● INSTRUCTIONS TO FOLLOW: From the listing that follows, reproduce only the lines from the one holding "A camel sits" through the one holding "바지가있는 남성과 여성", both included, with no pictures.
*** Opening RECORD EXCERPTS ***
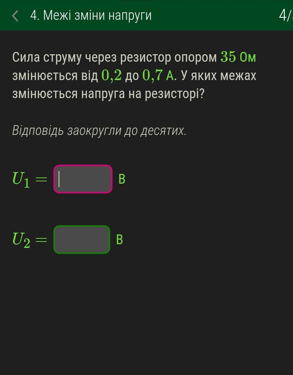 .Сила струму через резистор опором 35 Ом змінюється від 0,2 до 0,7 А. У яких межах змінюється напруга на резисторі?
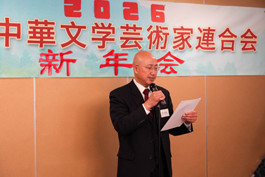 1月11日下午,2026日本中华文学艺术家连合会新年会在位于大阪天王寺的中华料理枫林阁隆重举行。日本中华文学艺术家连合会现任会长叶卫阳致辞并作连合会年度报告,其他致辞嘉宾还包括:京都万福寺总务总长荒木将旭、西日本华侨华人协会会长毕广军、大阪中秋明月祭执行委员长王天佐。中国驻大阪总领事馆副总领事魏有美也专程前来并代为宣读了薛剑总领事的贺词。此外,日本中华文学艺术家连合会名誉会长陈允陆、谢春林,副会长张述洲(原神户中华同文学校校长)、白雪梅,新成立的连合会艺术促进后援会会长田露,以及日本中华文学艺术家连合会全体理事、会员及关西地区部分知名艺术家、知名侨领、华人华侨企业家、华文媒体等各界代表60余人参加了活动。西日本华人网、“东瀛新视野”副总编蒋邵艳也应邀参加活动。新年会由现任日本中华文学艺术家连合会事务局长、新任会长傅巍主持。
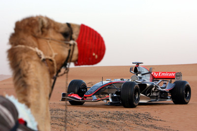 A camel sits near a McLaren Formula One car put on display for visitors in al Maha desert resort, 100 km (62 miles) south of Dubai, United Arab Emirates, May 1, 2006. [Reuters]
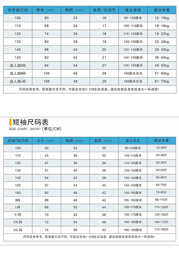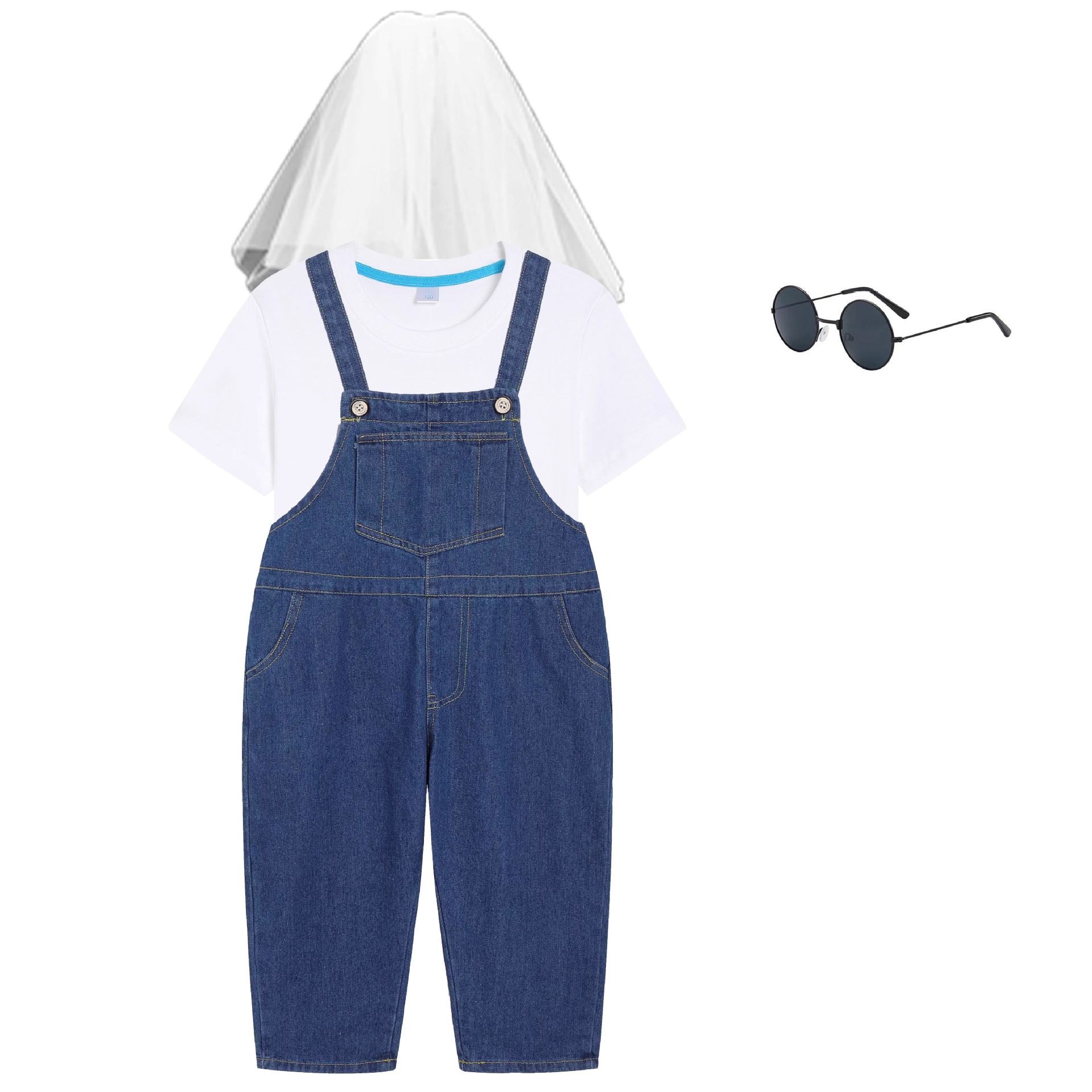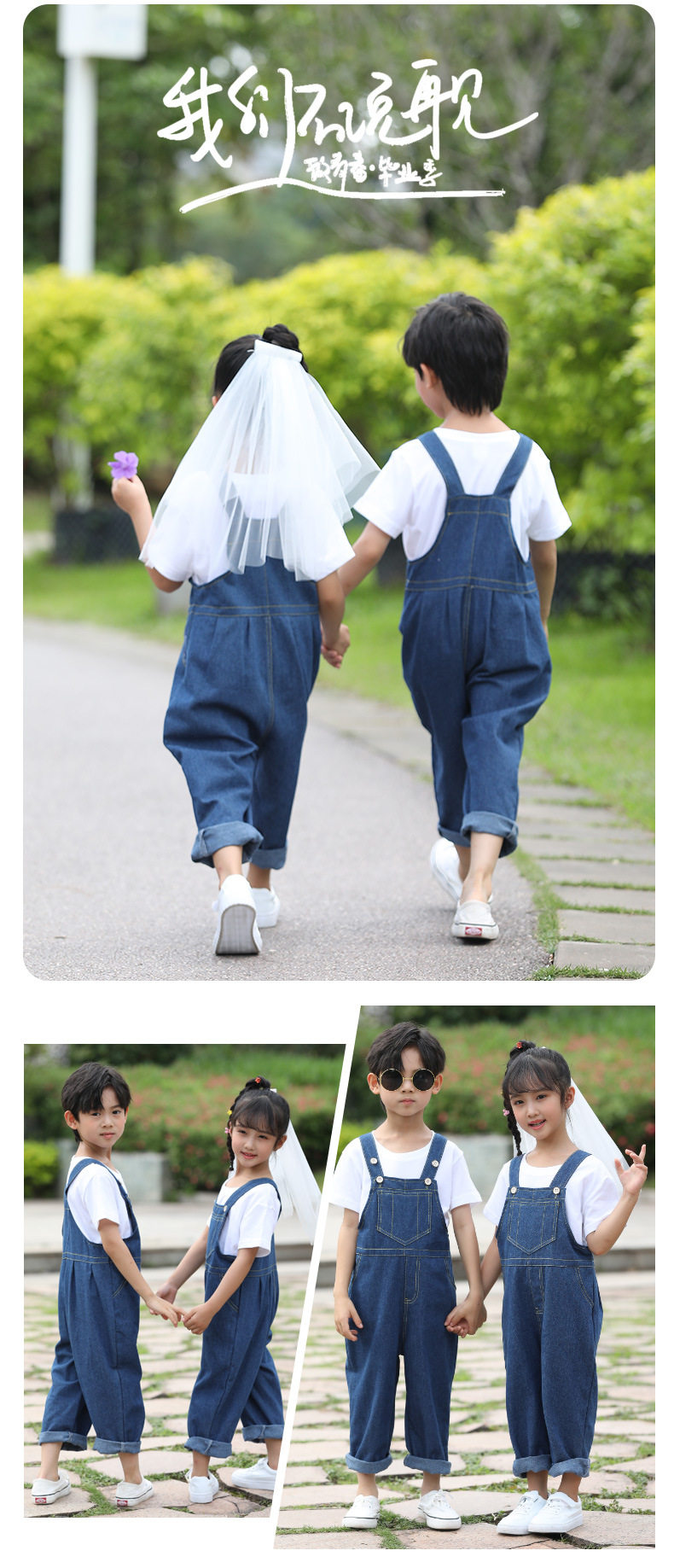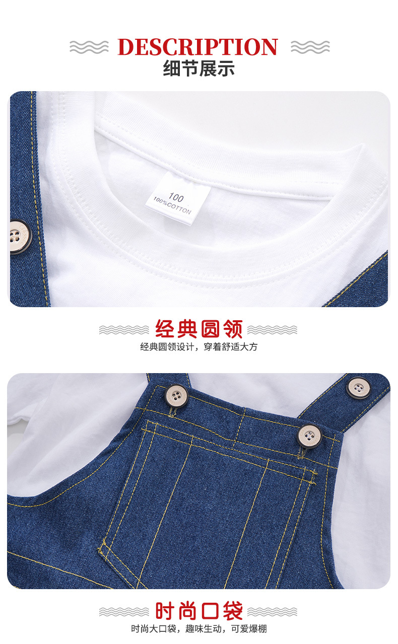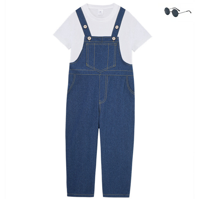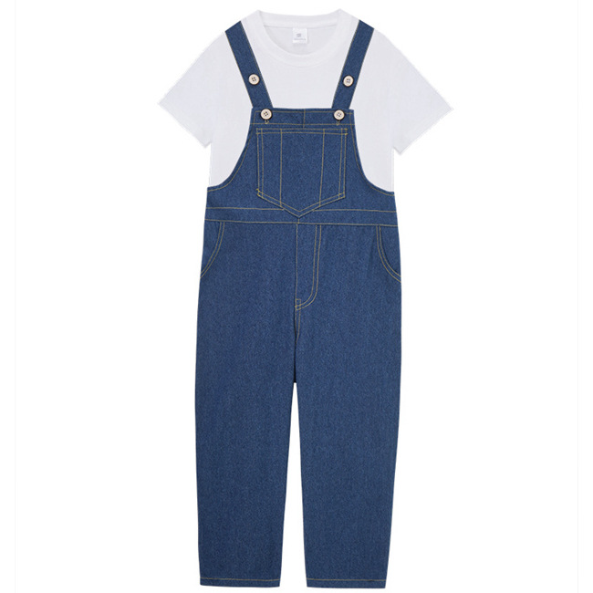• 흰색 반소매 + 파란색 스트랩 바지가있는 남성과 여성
*** Closing RECORD EXCERPTS ***
*** Opening RECORD EXCERPTS ***
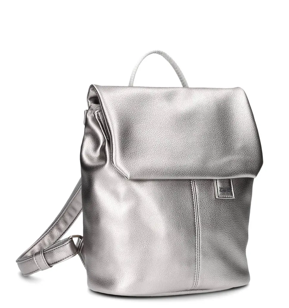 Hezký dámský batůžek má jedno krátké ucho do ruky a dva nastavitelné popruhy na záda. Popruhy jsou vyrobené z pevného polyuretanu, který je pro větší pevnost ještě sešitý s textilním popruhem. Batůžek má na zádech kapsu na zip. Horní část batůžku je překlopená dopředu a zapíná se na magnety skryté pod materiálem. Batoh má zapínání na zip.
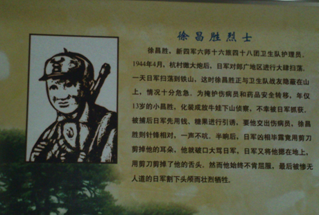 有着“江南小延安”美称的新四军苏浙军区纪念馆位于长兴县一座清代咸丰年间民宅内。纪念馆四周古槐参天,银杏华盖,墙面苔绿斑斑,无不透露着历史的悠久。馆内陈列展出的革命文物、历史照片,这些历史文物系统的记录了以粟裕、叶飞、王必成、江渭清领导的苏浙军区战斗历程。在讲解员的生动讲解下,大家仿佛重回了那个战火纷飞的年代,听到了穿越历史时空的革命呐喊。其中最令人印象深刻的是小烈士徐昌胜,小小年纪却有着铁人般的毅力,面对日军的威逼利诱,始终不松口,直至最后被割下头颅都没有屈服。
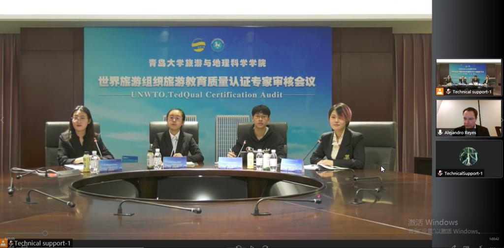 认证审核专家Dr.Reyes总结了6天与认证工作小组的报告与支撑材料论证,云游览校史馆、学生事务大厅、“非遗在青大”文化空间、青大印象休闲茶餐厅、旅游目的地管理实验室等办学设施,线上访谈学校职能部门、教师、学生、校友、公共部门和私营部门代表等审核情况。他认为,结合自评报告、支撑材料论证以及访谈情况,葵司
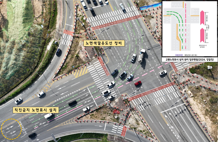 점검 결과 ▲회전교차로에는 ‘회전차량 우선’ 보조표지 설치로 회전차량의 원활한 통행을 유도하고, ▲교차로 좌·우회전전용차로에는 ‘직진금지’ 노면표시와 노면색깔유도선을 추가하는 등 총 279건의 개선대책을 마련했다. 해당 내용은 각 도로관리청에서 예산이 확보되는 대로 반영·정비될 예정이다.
*** Closing RECORD EXCERPTS ***
*** Opening RECORD EXCERPTS ***
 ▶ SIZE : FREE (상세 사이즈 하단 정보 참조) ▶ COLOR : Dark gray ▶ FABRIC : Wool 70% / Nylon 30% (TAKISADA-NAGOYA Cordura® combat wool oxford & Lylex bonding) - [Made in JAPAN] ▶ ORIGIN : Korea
*** Closing RECORD EXCERPTS ***
● RESPONSE TO THIS EXERCISE:
 A camel sits near a McLaren Formula One car put on display for visitors in al Maha desert resort, 100 km (62 miles) south of Dubai, United Arab Emirates, May 1, 2006. [Reuters]
• 흰색 반소매 + 파란색 스트랩 바지가있는 남성과 여성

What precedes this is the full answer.